Thursday, December 10, 2009

Review: Candor by Pam Bachorz

Found via: BBYA 2010 nominations

When I'm traveling, I like to bring along books that match where I'm going whenever possible. So when I was traveling over Thanksgiving to celebrate the holidays with my in-laws in Florida, I brought along Candor, set in a perfect community in Florida. Hm, maybe when I'm going to spend time with my in-laws I shouldn't bring along books that encourage distrust of adults!

Oscar Banks lives with his father in Candor, Florida, the community that his father established as the perfect place, especially for parents to bring their troubled teenagers. Only Oscar knows why the kids become so docile upon moving to Candor - his father has set up an elaborate sound system throughout the town that is constantly pumping subliminal messages into everyone's unsuspecting minds.

Rebelling against his father the only way he can and not be sent to the extreme re-education room, Oscar runs a sort of underground railroad where the richest kids in town can buy passage out of Candor (and Oscar in return has an endless supply of contraband - porn, DVDs and M&Ms are just a few of the things that are outlawed in Candor that Oscar hoards). Oscar's secret? He knows how to create his own subliminal messages, which can counteract the ones his father has set up.
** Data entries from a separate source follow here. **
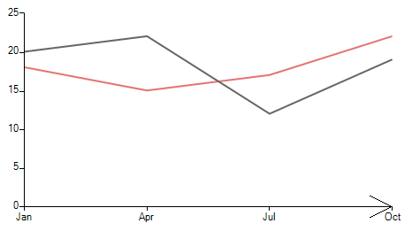 public RadForm1(){ InitializeComponent(); this.radChartView1.CreateRenderer += new ChartViewCreateRendererEventHandler(radChartView1_CreateRenderer); LineSeries lineSeries = new LineSeries(); lineSeries.DataPoints.Add(new CategoricalDataPoint(20, "Jan")); lineSeries.DataPoints.Add(new CategoricalDataPoint(22, "Apr")); lineSeries.DataPoints.Add(new CategoricalDataPoint(12, "Jul")); lineSeries.DataPoints.Add(new CategoricalDataPoint(19, "Oct")); this.radChartView1.Series.Add(lineSeries); LineSeries lineSeries2 = new LineSeries(); lineSeries2.DataPoints.Add(new CategoricalDataPoint(18, "Jan")); lineSeries2.DataPoints.Add(new CategoricalDataPoint(15, "Apr")); lineSeries2.DataPoints.Add(new CategoricalDataPoint(17, "Jul")); lineSeries2.DataPoints.Add(new CategoricalDataPoint(22, "Oct")); this.radChartView1.Series.Add(lineSeries2);}private void radChartView1_CreateRenderer(object sender, ChartViewCreateRendererEventArgs e){ e.Renderer = new CustomCartesianRenderer(e.Area as CartesianArea);}public class CustomCartesianAxisDrawPart : CartesianAxisDrawPart{ public CustomCartesianAxisDrawPart(CartesianAxis axis, IChartRenderer renderer) : base(axis, renderer) { } int arrowOffset = 50; protected override RectangleF GetClipRect() { RectangleF rect = base.GetClipRect(); if (rect.Height < rect.Y) { return new RectangleF(rect.X, rect.Y - arrowOffset, rect.Width, rect.Height * 4); } return rect; } protected override void DrawAxis() { AxisModel model = this.Element.Model; RadRect slot = model.LayoutSlot; float x1, x2, y1, y2; // update line points if (model.Type == AxisType.First) { x1 = this.ViewportOffsetX + (float)slot.X; x2 = this.ViewportOffsetX + (float)slot.Right; if (model.VerticalLocation == AxisVerticalLocation.Bottom) { y1 = this.ViewportOffsetY + (float)slot.Y; y2 = this.ViewportOffsetY + (float)slot.Y; } else { y1 = this.ViewportOffsetY + (float)slot.Bottom; y2 = this.ViewportOffsetY + (float)slot.Bottom; } } else { y1 = this.ViewportOffsetY + (float)slot.Y; y2 = this.ViewportOffsetY + (float)slot.Bottom; if (model.HorizontalLocation == AxisHorizontalLocation.Left) { x1 = this.ViewportOffsetX + (float)slot.Right; x2 = this.ViewportOffsetX + (float)slot.Right; } else { x1 = this.ViewportOffsetX + (float)slot.X; x2 = this.ViewportOffsetX + (float)slot.X; } } CartesianRenderer renderer = (CartesianRenderer)this.Renderer; RadGdiGraphics radGraphics = new RadGdiGraphics(renderer.Graphics); RectangleF rect = ChartRenderer.ToRectangleF(model.LayoutSlot); SizeF offset = ((CartesianRenderer)this.Renderer).GetAxisOffset((CartesianAxis)this.Element); GraphicsPath borderPath = new GraphicsPath(); borderPath.AddLine(x1 + offset.Width, y1 + offset.Height, x2 + offset.Width, y2 + offset.Height); if (y1 == y2)//the horizontal axis { int arrowOffset = 50; radGraphics.DrawLine(Color.Black, x2 + offset.Width - arrowOffset / 2, y2 + offset.Height + arrowOffset / 4, x2 + offset.Width, y1 + offset.Height); radGraphics.DrawLine(Color.Black, x2, y1, x2 - arrowOffset / 2, y2 - arrowOffset / 4); } BorderPrimitiveImpl border = new BorderPrimitiveImpl(this.Element, null); border.PaintBorder(radGraphics, null, borderPath, rect); }}public class CustomCartesianRenderer : CartesianRenderer{ public CustomCartesianRenderer(CartesianArea area) : base(area) { } protected override void InitializeAxes() { // base.InitializeAxes(); IEnumerator<Axis> axisEnumerator = this.Area.Axes.GetRenderEnumerator(); while (axisEnumerator.MoveNext()) { this.DrawParts.Add(new CustomCartesianAxisDrawPart((CartesianAxis)axisEnumerator.Current, this)); this.DrawParts.Add(new AxisLabelDrawPart(axisEnumerator.Current, this)); this.DrawParts.Add(new AxisTitleDrawPart(axisEnumerator.Current, this)); } }}Off topic, note that most of the forum threads are reviewed by Telerik representatives and sometimes we address the questions asked by our customers in the forums as well. However, a post in the forum doesn't guarantee you a response from the Telerik support team. Moreover, threads are handled according to license and time of posting, so if it is an urgent problem, we suggest you use a support ticket, which would be handled before a forum thread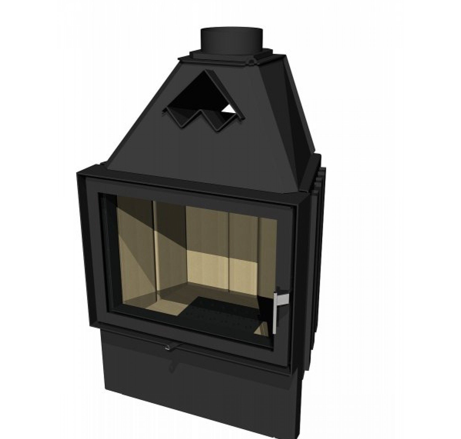Корпус каминной топки выполнен из жаропрочной стали, колосники и патрубки из чугуна.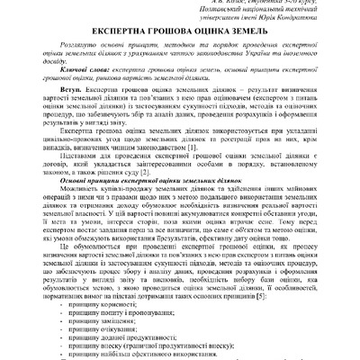 Розглянуто основні принципи, методики та порядок проведення експертної оцінки земельних ділянок ...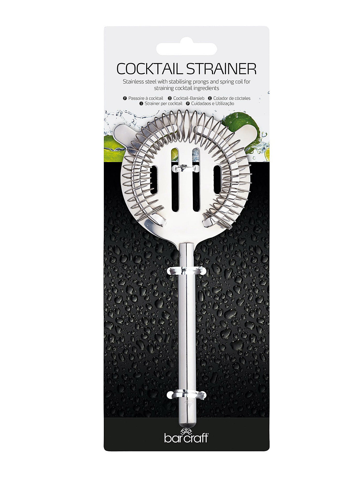 Here is the BarCraft Cocktail Strainer from Kitchen Craft. An essential tool to make a cocktail, this stainless steel cocktail strainer is perfect for removing ice and other cocktail ingredients as they are being poured into the serving glass. Featuring stabilising prongs to rest securely on the rim of the glass, it is an ideal tool for making a delicious drink.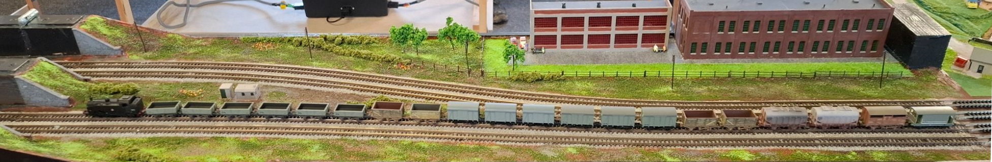 We started the meeting in the afternoon, to do some maintenance on the fiddle yard and curves. We set up the layout before supper – the usual something and chips. I tried out the battered black pudding, that turned out to be most acceptable.
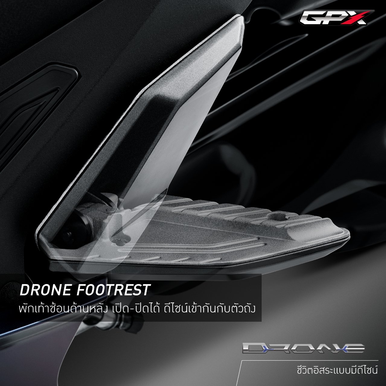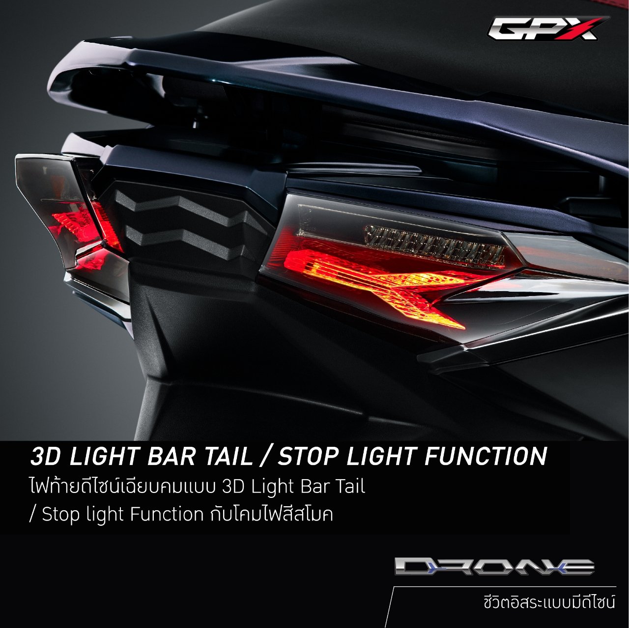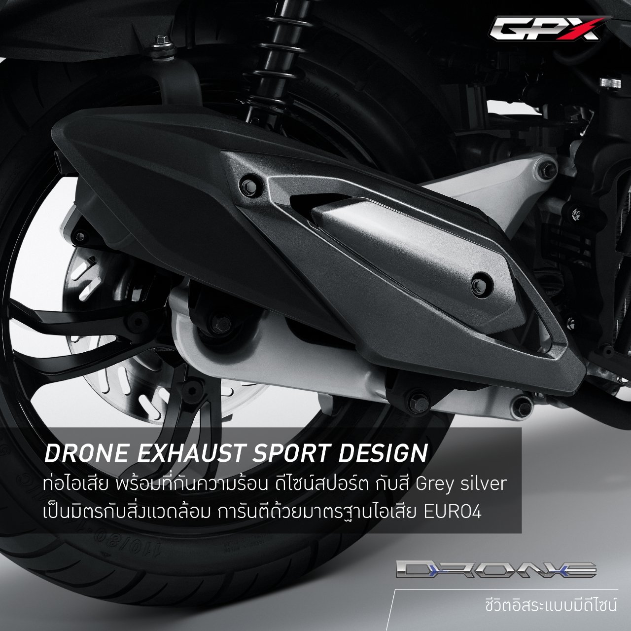ล่าสุด GPX ได้เปิดตัวรถรุ่น ‘DRONE’ อย่างเป็นทางการ เป็นที่แรกของโลก ในรูปแบบ Stream Live ผ่านช่องทางออนไลน์ของ GPX THAILAND เป็นที่เรียบร้อยแล้ว กับรูปโฉมที่หลายๆคนโดนใจ ด้วยการออกแบบมาให้มีความพรีเมียมผสมผสานกับความสปอร์ต เน้นการเดินเส้นสายตัวรถที่เฉียบคม ให้อารมณ์ความดุดัน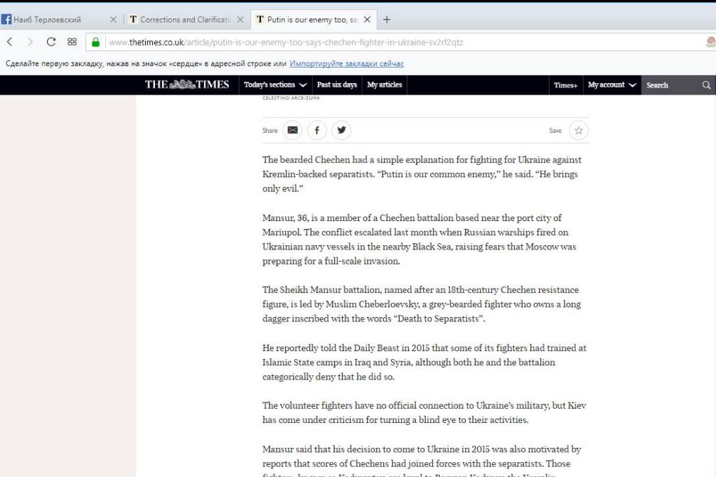 В публикации The Times за 26 декабря с комментарием Муслима Чеберлоевского (лидера батальона имени Шейха Мансура) сказано, что некоторые чеченцы, которые сегодня воюют в Украине, ранее сражались в рядах экстремистских группировок на Ближнем Востоке. Журналист делает такой вывод, опираясь на рассказы Чеберлоевского и его бойцов.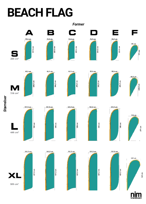 Hos NIM Brandboard tilbyder vi to hovedtyper: Beach Flag og Beach Flag HS. Begge systemer kombinerer stabil konstruktion med skarpt print og professionel finish.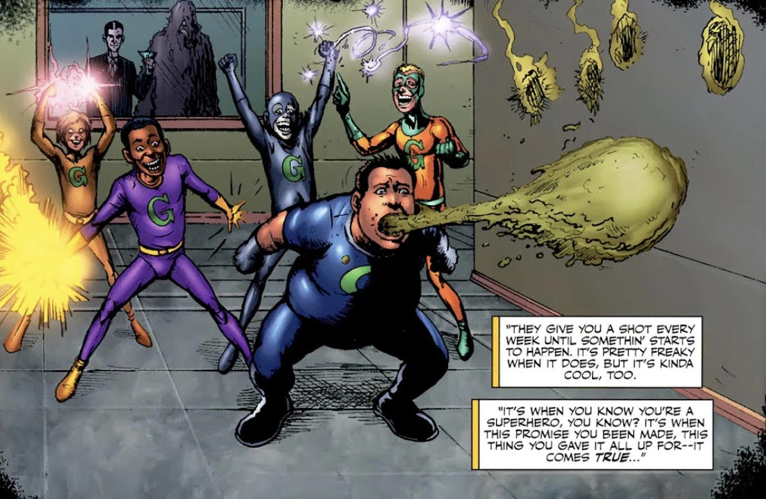 At the G-Mansion, Godolkin has brunch with the G-Men and G-Force members where he offers a speech about the teams' fabricated status as outcasts and supposed discrimination by "humanity" (even though Godolkin has no powers whatsoever and Supes in this universe generally being far from oppressed) that causes G-Men like Five-Oh to jeer at their leader for thinking himself as one of them. During the brunch, Critter brings up the recruitment of Bagpipe, and the sheer number of G-Men there were now, warning him (like Vought before him) how the growing membership also brought the increasing likelihood of security breaches or a rogue G-Man exposing their terrifying secrets to the public. Critter then begs Godolkin to stop kidnapping children to create more spin-off teams, but he stubbornly refuses, stating “For good or ill, my children- - I just can’t seem to stop.”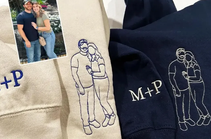 🧵 Contorno fotografico personalizzato per coppia: carica una foto preferita e la trasformeremo in un contorno ricamato dettagliato.
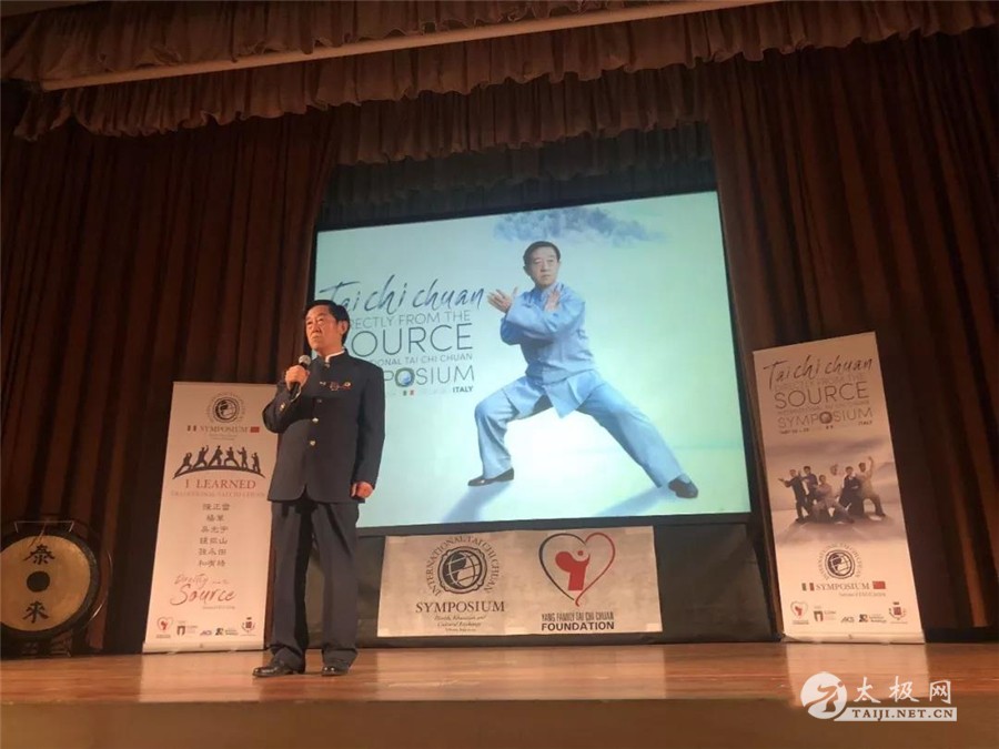 近日,全球太极人聚焦意大利,在国际时尚之都米兰周边的风情小镇萨尔维诺迎来一场前所未有的太极国际盛会,由杨氏太极拳基金会主办,在国际杨氏太极拳协会会长杨军发起和组织下第三届国际太极拳论坛在此隆重举行。中国太极拳六大流派代表性传承人和世界20余国家的太极拳爱好者欢聚一堂,让这里成为“世界太极小镇”,太极拳各流派代表性传承人陈正雷(陈式)、杨军(杨式)、吴光宇(吴式)、钟振山(武式)、孙永田(孙式)、和有禄(和式)等联袂出席,与世界各地拳友共同交流太极拳理论、技法和文化,演绎了一场激情洋溢的太极世界风。 萨尔维诺市长致辞 伦巴第大区区长致辞 开幕式现场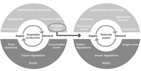 Take, for example, agricultural production. The supporting functions and rules affecting supply include input supply, labour availability, and agricultural information. For demand, relevant supporting functions and rules might include marketing and informal norms around consumption behaviours; while for exchange, important supporting functions and rules might include infrastructure provision, market information, and export regulations.

And then Nia arrives. Beautiful and rebellious, Oscar can't stand the thought of her being changed into the perfect Candor citizen. He creates a special batch of messages for Nia to keep her from falling under the spell - but never tells her about it. At the same time Nia arrives, one of Oscar's clients who was supposed to escape is caught at the last minute. Oscar's usual balancing act has become much more precarious - there's now someone else in town who knows what he's up to, who could spill the beans at any moment. At the same time he has to encourage Nia to be herself, but pretend that she's like the other Candor kids - without revealing the secret of the messages. All without his strict, controlling father ever suspecting that the rebellion is being run from inside his son's bedroom.

Candor has all the elements of the quintessential YA novel - untrustworthy parents, conspiracy theories, a beautiful stranger, and a smarter than average protagonist. But with all of these elements, I still felt the book fell a little short in some ways. Big things went unexplained, like why exactly someone goes crazy if they leave Candor but don't bring along a set of subliminal messages. I also never understood why Oscar felt it was so important that Nia not know about the subliminal messages, either the ones his father set up or the new ones he gave Nia. It felt like it was an artificial reason, set up so there would be conflict between Oscar and Nia if/when she did find out. Finally, why on earth did Oscar's dad create Candor in the first place? I can see the appeal of creating a perfect community, but there's never an explanation for why he targeted rich families with problem teenagers. Oscar points out a very real problem with his father's business model: since you die if you leave Candor, no one can ever move away permanently (college-bound students have a special CD pack they take with them, but they always come back to Candor), meaning eventually the town's land will be completely used up, with no new families (and thus no new income for his father) until people start dying off. Unless his father's plan is actually to keep expanding Candor until he's taken over the US, it doesn't seem like a feasible plan.

There are some fun elements, however. I enjoyed Oscar's increasing paranoia throughout the book, trying to figure out what new messages his father was implanting in the populace, knowing when to play along with the messages and when to actively rebel. The story is exciting, despite the occasional holes in the logic, and tightly paced, making this a definite page turner.